Надо с печалью отметить, что некоторые исследователи и сегодня продолжают заниматься буквальным объяснением необъяснимых вещей, уходя в своих выводах весьма далеко, но этот подход в корне неверен: несколько мотивов, действительно связанных с реальностью, в стихотворении соединены в художественное целое причудливо – точно так же причудливо, как во сне порой соединяются обстоятельства дневной жизни. У сна есть логика, только своя – а дневная логика, логика яви неспособна его объяснить, она способна только его разрушить…
«Нева, Нил и Сена» – знаки важных для Гумилёва мест: Петербург, Египет (да и вообще Африка) – и Париж. Эти места были значимы для Гумилёва не только в жизни, но и в стихах. Не станем отдельно останавливаться на них, приводить примеры – этот тезис очевиден и не нуждается в доказательствах.
Вопросы могут возникнуть здесь:
Где я? Так томно и так тревожно
Сердце мое стучит в ответ:
Видишь вокзал, на котором можно
В Индию Духа купить билет?
Лирический герой задаётся этим вопросом после того, как мчащийся трамвай пересёк Неву, Нил и Сену. Если искать этому некие параллели в реальности, «толковать» этот сон, получится, что герой спрашивает: «Где я?» после того, как побывал в разных местах в поисках себя. Сам Гумилёв много путешествовал, но именно Петербург, Париж и Африка оказались для него самыми значимыми в плане мировоззренческих, духовных перемен. Именно они ярче и подробнее прочих мест обозначены на его творческой карте…
И вот, после поисков себя, поисков смысла лирический герой задаётся вопросом: «Где я?» – и ему отвечает его собственное сердце – «сердце» в библейском смысле, сущность человека, голос его души. Сердце говорит о стремлении к «Индии Духа» – то есть к духовной реальности, к духовной реализации. Но герой ещё не там, он только собирается туда, хочет «купить билет» туда… Кстати, Гумилёв в конце жизни не считал, что уже чего-то достиг, напротив, по свидетельствам современников, не раз говорил, что у него всё впереди – он ещё только собирался сделать самое главное и значительное… Если соотнести эту цепочку образов с реальностью, с реальным временем, получится, что строфа об «Индии Духа» описывает не прошлое Гумилёва, а настоящее – на тот момент, то есть описывает период, когда был написан «Заблудившийся трамвай» – она соответствует тогдашнему умонастроению Гумилёва… А что же дальше? Ответ – в следующих строфах:
Вывеска… кровью налитые буквы
Гласят — зеленная, — знаю, тут
Вместо капусты и вместо брюквы
Мертвые головы продают.
В красной рубашке, с лицом, как вымя,
Голову срезал палач и мне,
Она лежала вместе с другими
Здесь, в ящике скользком, на самом дне.
Об источниках этого образа можно говорить долго. Р. Д. Тименчик и С. В. Полякова полагают, что его источником стало творчество Гауфа, а точнее, сказка «Карлик Нос», в которой мальчик Якоб помогал ведьме нести капустные кочаны – но, как выяснилось, нёс отрубленные человеческие головы. Вообще, мифологическая связь между круглыми овощами и человеческой головой известна с древности, и мы не станем останавливаться на ней более подробно.

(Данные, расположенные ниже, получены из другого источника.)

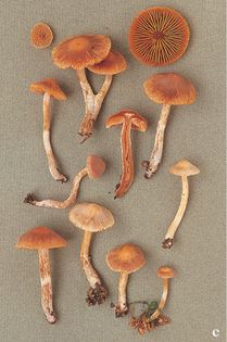 Cortinarius (Telamonia) flexipes var. inolens Lindstr. (illustrated 55% life size) Cap 1–3 (5) cm across, conical then expanded and umbonate; red-brown when moist, especially at the centre, drying pale fawn; covered in minute, white, fibrous scales when young, which disappear with age. Stem 30–80×3–6mm; brownish, with a distinct white, cottony ring. Flesh pallid brown; smell slight, of radish. Gills adnate; cinnamon. Spores 7–8.6×4.5–5.5¼, broadly elliptical. Spore print rust. Habitat in mixed woods; autumn. Common. Suspect avoid. Note this is rather a common small Cortinarius that is related to C. flexipes (above), but with an ochre-brown rather than grey appearance.
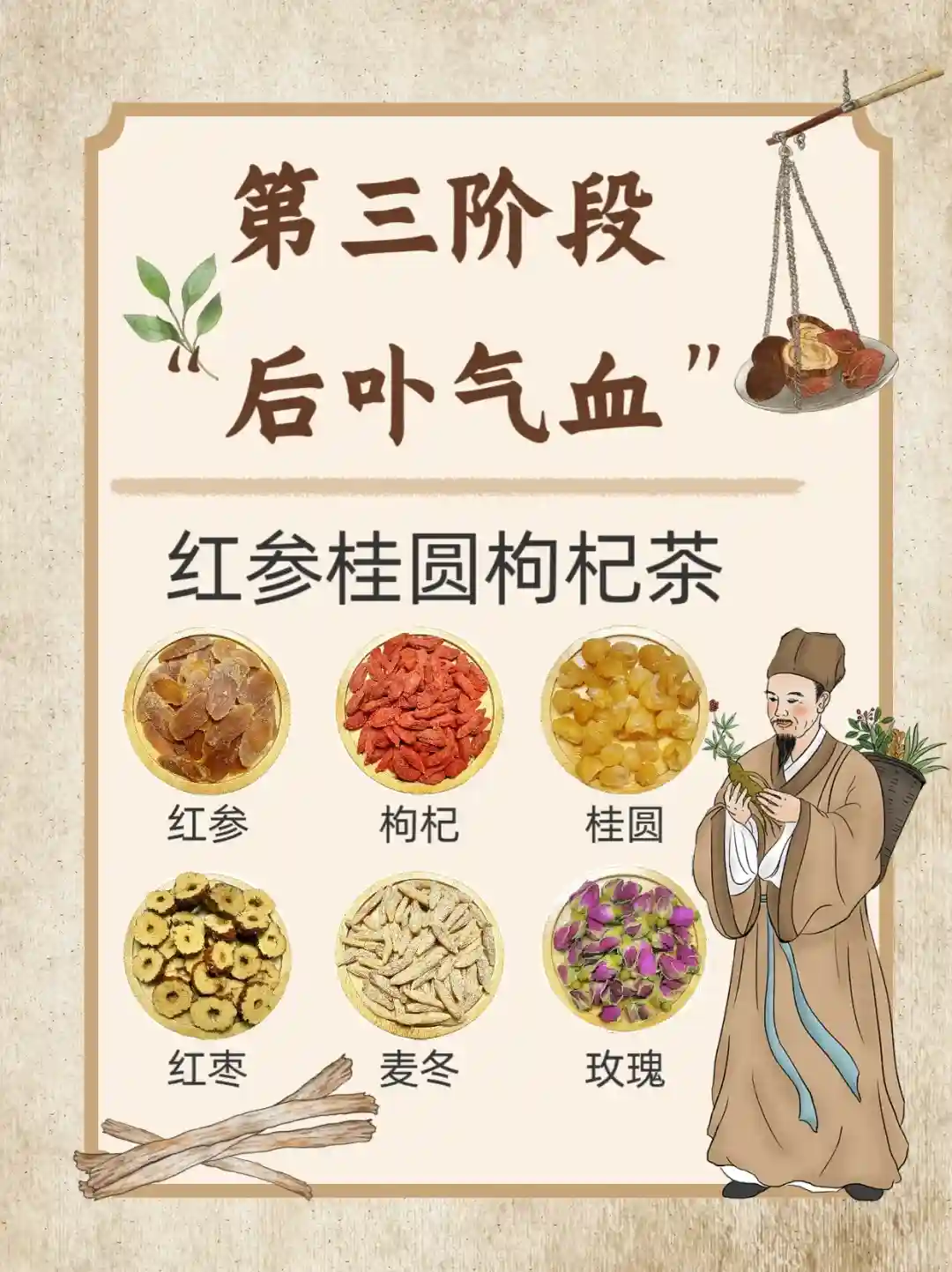 🌈:红参桂圆枸杞茶,红参4克➕枸杞6克➕桂圆6克➕红枣6克➕麦冬6克➕玫瑰4朵

Если же говорить о контексте творчества, то этот образ для Гумилёва не нов, он встречался, например, в «Африканской охоте»: «Облава кончилась. Ночью, лежа на соломенной циновке, я долго думал, почему я не чувствую никаких угрызений совести, убивая зверей для забавы, и по сему моя кровная связь с миром только крепнет от этих убийств. А ночью мне приснилось, что за участие в каком-то абиссинском дворцовом перевороте мне отрубили голову, и я, истекая кровью, аплодирую уменью палача и радуюсь, как все это просто, хорошо и совсем не больно». За участие в дворцовом перевороте, то есть в заговоре…
Что же касается происхождения этого образа в «Заблудившемся трамвае», рискнём предложить иной источник его происхождения, пусть и связанный с той же мифологемой. В средневековых Нидердандах существовала легенда, которую взрослые любили рассказывать детям, недовольным своей внешностью. Суть её такова: те, кому не нравятся их головы и лица, могут поехать в город Еекло. Там есть пекарня, где людям срезают головы и вместо них садят на шею кочан капусты, чтобы остановить кровь (какая-никакая, а голова) – а тем временем делают из срезанной головы другую, лепят на ней новое лицо, как из теста, и выпекают в печи, как хлеб. Правда, никто не гарантирует, что обновлённая голова окажется лучше прежней: она может не пропечься, тогда будет плохо соображать, и человек останется глупцом; если голову, напротив, передержать в печи, она будет «горячая», и её хозяин станет безрассудно пускаться во все тяжкие; а ещё, разумеется, голова может запечься неровно – тогда вообще получится урод. Нидердандские художники не раз иллюстрировали эту легенду, причём очень натуралистично и красочно. Гумилёв, как известно, глубоко интересовался изобразительным искусством, любил ходить в музеи – и мог видеть какую-нибудь из этих картин. Кроме того, он сам в юности был недоволен своей внешностью, о чём вспоминают многие мемуаристы – так что, узнав эту легенду, наверняка запомнил её.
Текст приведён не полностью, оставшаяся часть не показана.